According to him, he’d seen her as a kid in a minor role in some random tv show and knew instinctively that she had that special something that would rocket her to eventual stardom. If only he could have bought some Alba stock! I used to work in casting back in the day so I’m more than familiar with the idea of talent excavation and how potentially rewarding it could be. A lot of people and their oftentimes unrewarded efforts go into the making of a star. Everything depends on how many people believe in you, and how committed they are to promoting you.
This is why crowdsourcing investment feels a lot like just a natural extension of how the world already operates. SellaBand has been rocking this for a number of years now, combining the benefits of a MySpace-like fan-network with an investment model that allows musicians to raise money by offering shares of future revenues to their most dedicated followers. It translates the heat generated by a passionate fanboy into dollars and cents to form a mutually beneficial relationship. And then out of last week’s TED conference came Trust Art, a site that similarly asks people to invest in public art projects in exchange for a piece of the pie. From their Manifesto:
Investors will take a share in one or many Trust Art projects, while also spreading word of Trust Art in their social circle. At the end of the year, each art piece is auctioned, and investors split the proceeds with the artist. Inevitably, art will be created that otherwise wouldn’t exist, you will feel good, and culture will have been renewed.

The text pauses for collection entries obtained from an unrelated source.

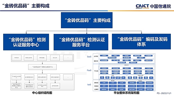 体系构成:“金砖优品码”体系由“金砖优品码”标识解析体系、检测认证服务中心及平台等三部分构成。标识解析体系统一定义“金砖优品码”的编码及发码规则及标准;检测认证服务平台针对不同类型“金砖优品码”及场景应用提供数字化、标准化服务;检测认证服务中心作为服务金砖国家产业发展的公共服务平台,负责标识解析体系及检测认证服务平台的统一运营管理。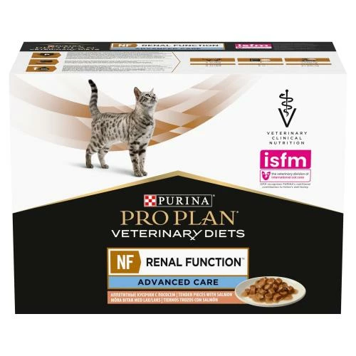 PRO PLAN VETERINARY DIETS Feline NF Renal Function Advanced Care Cat Food is a delicious clinical diet, formulated to provide complete nutrition for cats afflicted with renal failure. A balanced pet food with restricted levels of phosphorus and sodium, Feline NF works to hinder progressive renal damage, whilst high quality, carefully controlled proteins aid in the reduction of uremic toxins.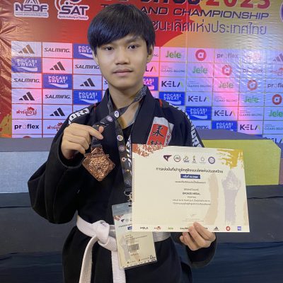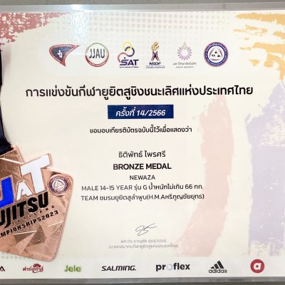 ขอแสดงความยินดีกับ เด็กชายธิติพัทธ์ ไพรศรี นักเรียนชั้นมัธยมศึกษาปีที่ 3 เข้าร่วมการแข่งขันกีฬา ยูยิตสู ชิงชนะเลิศแห่งประเทศไทยครั้งที่ 14 / 2566 ณ อาคารนันทนาการ มหาวิทยาลัยรังสิต ระหว่างวันที่ 7-9 เมษายน 2566 ได้รับรางวัลเหรียญทองแดง ประเภท FIGHTING และ NEWAZA ประเภทอายุ 14-15 ปี น้ำหนักไม่เกิน 66 กก.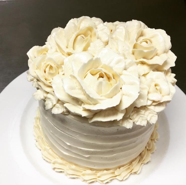 Production et décoration de gâteaux, les compétences démontrées incluent les fleurs et passepoils de crème au beurre, la production et la manipulation de fondants, le passepoil de lettres, la sculpture sur sucre.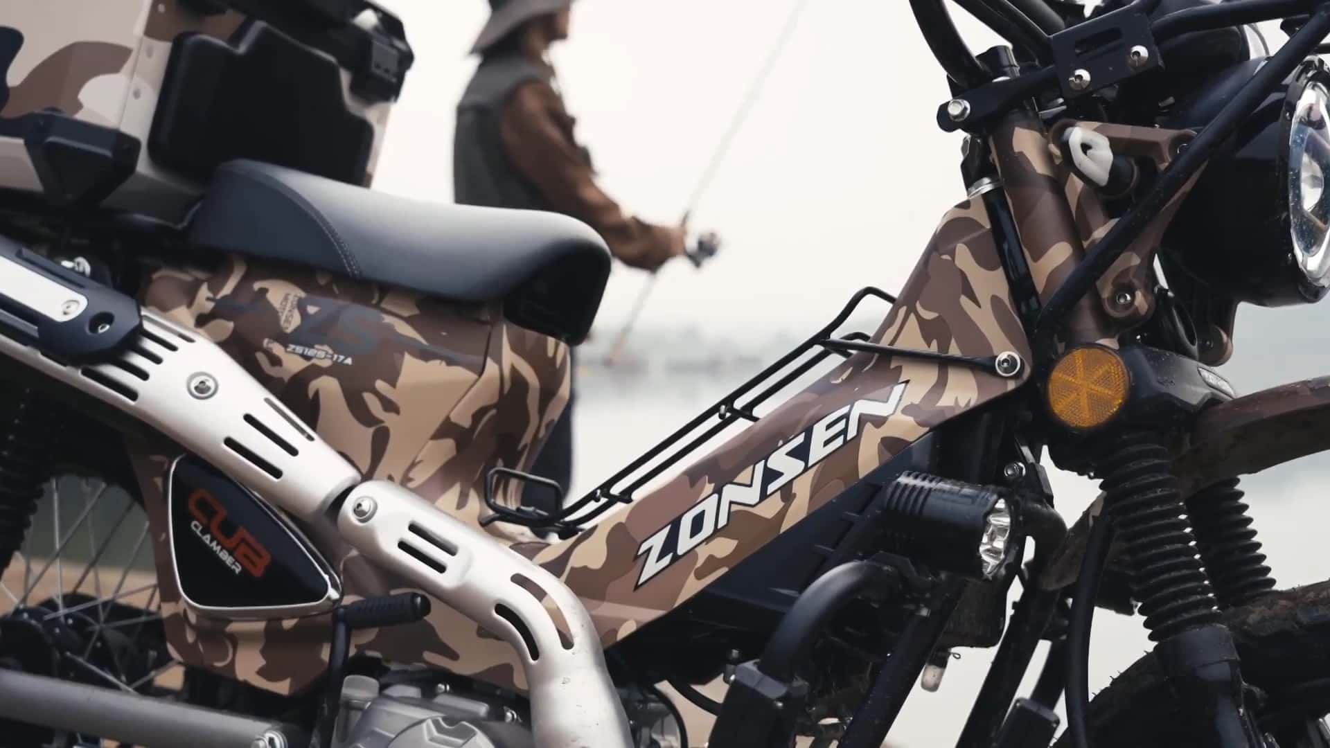 Selbstverständlich gibt es inzwischen auch chinesische Adventure Cubs. Besonders nah am originalen Honda-Konzept ist die Interpretation dieses Themas von Piaggio-Partner Zongshen: die Zonsen Yemi, erstmals vorgestellt im Jahr 2023. Sie ist ihrem Vorbild, der Honda CT 125 Hunter Cub, sehr ähnlich, insbesondere mit dem identisch wirkenden roten Lack. Doch inzwischen gibt es die Yemi in einigen weiteren Farbvarianten – und sogar eine Camouflage-Ausführung mit Tarnmuster-Dekor. Zusatzbezeichnung der Zonsen Yemi: Cub Clamber, was aus dem Englischen übersetzt sinngemäß "kletterndes Jungtier" bedeutet.

We already go about sharing links and yapping away about the people and projects we admire, so how great is it to now have an added incentive to perform all that publicity? And while it may not be the same as buying a share in the future career of a hot young thing (my friend can go invest in an up-and-coming model at BeautyHolding.com if he must!), think of all the people you can impress at your next cocktail party by saying you’re invested in a documentary starring everyone in the world. It would be great if existing crowdsourcing sites like authonomy.com, which turns to crowds to weed out their next best-sellers, began incentivizing people with profit-sharing models as well. There’s nothing like a committed and invested fan to push you into the big leagues. “I’d like to thank all my fans,” as they say.